Founded in 2003 in the University of Florida’s Sid Martin Biotechnology Incubator, the company was developed out of Entomos Inc. to commercialize its revolutionary technology for production of nematode control products.
Duncan says it has grown from one to four labs in the incubator and is close to graduating from the facility.
Sting nematodes represent a major threat for golf courses throughout Florida and the Southeast. Additionally, the Society of Nematology and other organizations estimate global crop losses due to nematodes at $100 billion annually making it agriculture’s largest unmet pest control need.

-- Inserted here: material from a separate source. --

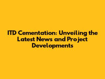 ITD Cementation: Breaking News, Updates, And Project Insights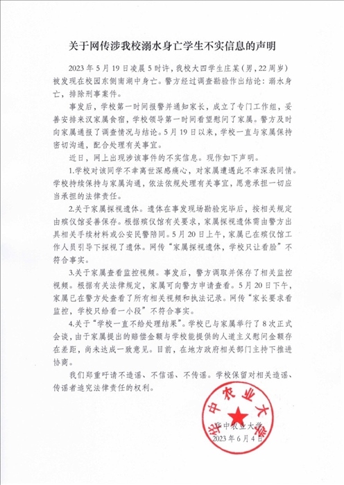 ·學(xué)生溺水身亡、不給家長(zhǎng)看監(jiān)控視頻?華中農(nóng)業(yè)大學(xué)回應(yīng):傳言不實(shí)。

Duncan says, “No crop on the globe is unaffected.” He says the problem is widespread among Southeast golf courses, “Particularly in the sandy coastal areas from Texas up through the Carolinas and further north. It’s a very bad problem that is getting worse.”
The company’s product, Pasteuria spp., first discovered 50 years ago, is an effective agent for nematode control, but until recently, the company says, no one could make it cost effectively for commercial use.
Pasteuria Bioscience says it has developed a revolutionary new technology that allows the rapid and cost-effective growth of multiple strains of Pasteuria manufactured through traditional fermentation methods.
Duncan says the company plans to launch its first product in early 2010 as proof of concept and is seeking a commercialization partner. “We’re making really good progress on that with some of the big Ag-biotech and Ag-chem companies and some smaller ones,” he says.
Duncan notes that the company’s technology is a platform applicable to a much larger market. It has a robust product pipeline targeting the most damaging nematode species in a wide variety of agricultural crops.
Products for nematode control in agronomic crops such as soybean and cotton, and in specialty crops such as strawberry and banana will be introduced as new brands or be commercialized through joint product development efforts with other agricultural companies.